[Dross by Henry Seton Merriman]@TWC D-Link bookDross CHAPTER XXII 2/12
For my own part, it is in the autumn that I like Hopton best, when the old cock pheasants call defiance to each other in the spinneys, and the hedgerows rustle with life. The ladies were kind enough to make known to me their amended opinion of England when I went down to my home, soon after Easter; and indeed I thought the old place looking wonderfully homelike and beautiful, with the young green about its gray walls and the sense of spring in the breeze that blew across the table-land. I arrived unexpectedly; for some instinct told me that it would be better to give Isabella no notice of my coming into her neighbourhood. As I rode up the avenue I saw Lucille, herself the incarnation of spring, moving among the flowers.
She turned at the sound of the horse's tread, and changed colour when she recognised me.
A flush--I suppose of anger--spread over her face. "I have come, Mademoiselle," I said, "with good news for you.

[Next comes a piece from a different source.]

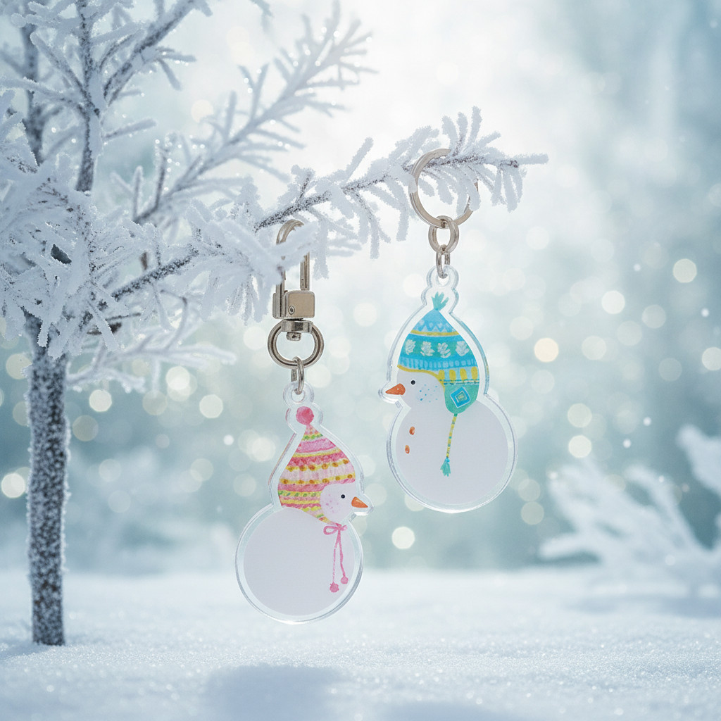 NEULBOM Snowman Couple Keyring Size: 3 × 5.7 cm (body, ring 제외) · Material: Double-sided laminated acrylic · Ring: Nickel · Options: Pink / Blue / Set(2) ★★★★☆ — Durable…

You may soon return home now, and turn your back forever on Hopton." "I am not so ungrateful as you persist in considering me," she said, with vivacity, "and I like Hopton." The gardener came forward to take my horse, and we walked towards the house together. "I am grateful to you, Monsieur Howard," said Lucille, in a softer voice than I had yet heard her use towards me--and in truth I knew every tone of it--"for all that you have done for mother--for us, I mean.
You have been a friend in need." This sudden change of manner was rather bewildering, and I made no doubt that the victim of it was dumb and stupid enough to arouse any woman's anger.